University of California President Janet Napolitano announced Thursday that the UC will expand its college-eligibility tracking system to students at San Diego’s Morse High School.
Morse joins 338 other high schools in almost 50 districts across the state that use UC’s Transcript Evaluation Service, which uses data on completed and required classes to map out whether a student is eligible for admission to a UC or California State University school.
According to UC officials, schools that have used TES for at least three consecutive years since its launch four years ago have seen their students’ UC eligibility rise by 21 percent and CSU eligibility by 32 percent. Counselors at participating high schools have also seen an uptick in students taking steps like completing the SAT and ACT to prepare for college.
“This tool will be instrumental in helping Morse’s students, teachers and counselors monitor all students’ UC and CSU eligibility as we work together to ensure that our students are on track for graduation and prepared for college,” said Morse High Principal Cynthia Larkin.

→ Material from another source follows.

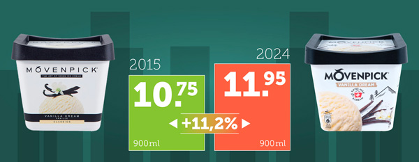En 2015, nous avions mesuré le pourcentage d’air contenu dans des glaces, parmi les rares denrées vendues au volume et non au poids. Il ressortait que certaines contenaient plus de 50% d’air. «Cela améliore la texture», avait justifié un fabricant. La Mövenpick, avec un taux d’air élevé et une composition parmi les plus complexes (15 ingrédients!), avait reçu une mauvaise note. Pourtant, son prix en faisait un produit haut de gamme. Aujourd’hui, il coûte plus cher et sa composition a changé: bye-bye les protéines de lait et le sirop de sucre caramélisé, le concentré de pomme est remplacé par un concentré de carotte. À ce prix-là, on s’attendait à mieux.

Napolitano made the announcement while visiting Morse High School this morning with UC San Diego Chancellor Pradeep Khosla, as part of the Achieve UC initiative to encourage students from socioeconomically disadvantaged demographics to attend a college or university.
According to UC officials, 78 percent of Morse High students come from disadvantaged backgrounds and many of them will be first-generation college students should they attend a post-secondary school.
“This tool can make a tremendous difference in shaping a student’s academic future,” Napolitano said. “We want to encourage hardworking students from all backgrounds to attend a UC school, while equipping them with the support and resources to apply.”
Students at participating schools can access TES at transcriptevaluationservice.com.